Über das Trauma hinauswachsen: Anitas Geschichte

Auf den staubigen Wegen des Flüchtlingslagers Nakivale in Uganda springt die 25-jährige Anita mit ihren Kindern Seil, ihr Gesicht strahlt vor Freude. Es ist eine einfache Handlung, aber eine, die eine tiefgreifende Veränderung in ihr symbolisiert. Während ihre Kinder, sechs und drei Jahre alt, die Enden des Seils halten, springt Anita mit der Unbeschwertheit einer Person, die ihre Kindheit zurückgewinnt.
Für Anita ist dieser Moment mehr als nur ein Spiel – er bedeutet Erlösung. Als Flüchtling wuchs Anita in einer Kindheit ohne Freude auf. Als sie sieben Jahre alt war, mussten sie und ihre Familie aus ihrer Heimat Burundi fliehen. In Nakivale musste sie mit überfüllten Unterkünften, der Krankheit und dem Tod ihres Vaters und der erdrückenden Verantwortung für acht Geschwister fertig werden, anstatt zur Schule zu gehen. Spielen kam ihr wie Zeitverschwendung vor; Überleben war alles, was sie kannte. Der Stress machte sie wütend und isoliert, sie konnte nicht einmal zu ihren eigenen Kindern eine Beziehung aufbauen. „Ich war mein ganzes Leben lang nie glücklich“, sagt sie.
Doch heute, wenn sie mit ihrer Tochter und ihrem Sohn lacht, schreibt Anita ihre Geschichte neu. In ihren Augen spiegeln sich sowohl der Schmerz ihrer Vergangenheit als auch die Hoffnung für ihre Gegenwart wider. Der Wandel begann, als sie am Programm „Play To Grow“ von Right To Play teilnahm, das ihr die heilende Kraft des Spielens zeigte – nicht nur für ihre Kinder, sondern auch für sich selbst.
EINE VERLORENE KINDHEIT
Anitas Familie musste während des zerstörerischen Bürgerkriegs in ihrem Heimatland Burundi fliehen. Der Umzug nach Nakivale war für die siebenjährige Anita sehr schwer.

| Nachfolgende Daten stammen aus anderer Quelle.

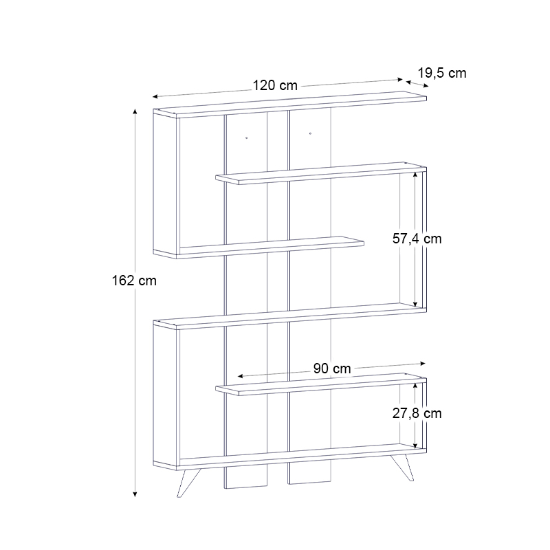 Βιβλιοθήκη μελαμίνης Rain Megapap χρώμα λευκό – καρυδί 120×19,5×162εκ.

Nakivale ist eine der ältesten und größten Flüchtlingssiedlungen Afrikas und erstreckt sich über 185 Quadratkilometer trockene Ebene im Südwesten Ugandas. Sie wurde 1958 gegründet und beherbergt Flüchtlinge aus Burundi, der Demokratischen Republik Kongo, Ruanda und anderen Konfliktgebieten. Nakivale ist eine integrierte Siedlung, in der Flüchtlinge zusammen mit ugandischen Staatsangehörigen leben, kleine Grundstücke bewirtschaften oder Geschäfte betreiben. Dennoch ist das Leben hart: Die Ressourcen sind knapp, Dürren sind häufig und die Traumata der Kriegsflüchtlinge sind noch immer präsent.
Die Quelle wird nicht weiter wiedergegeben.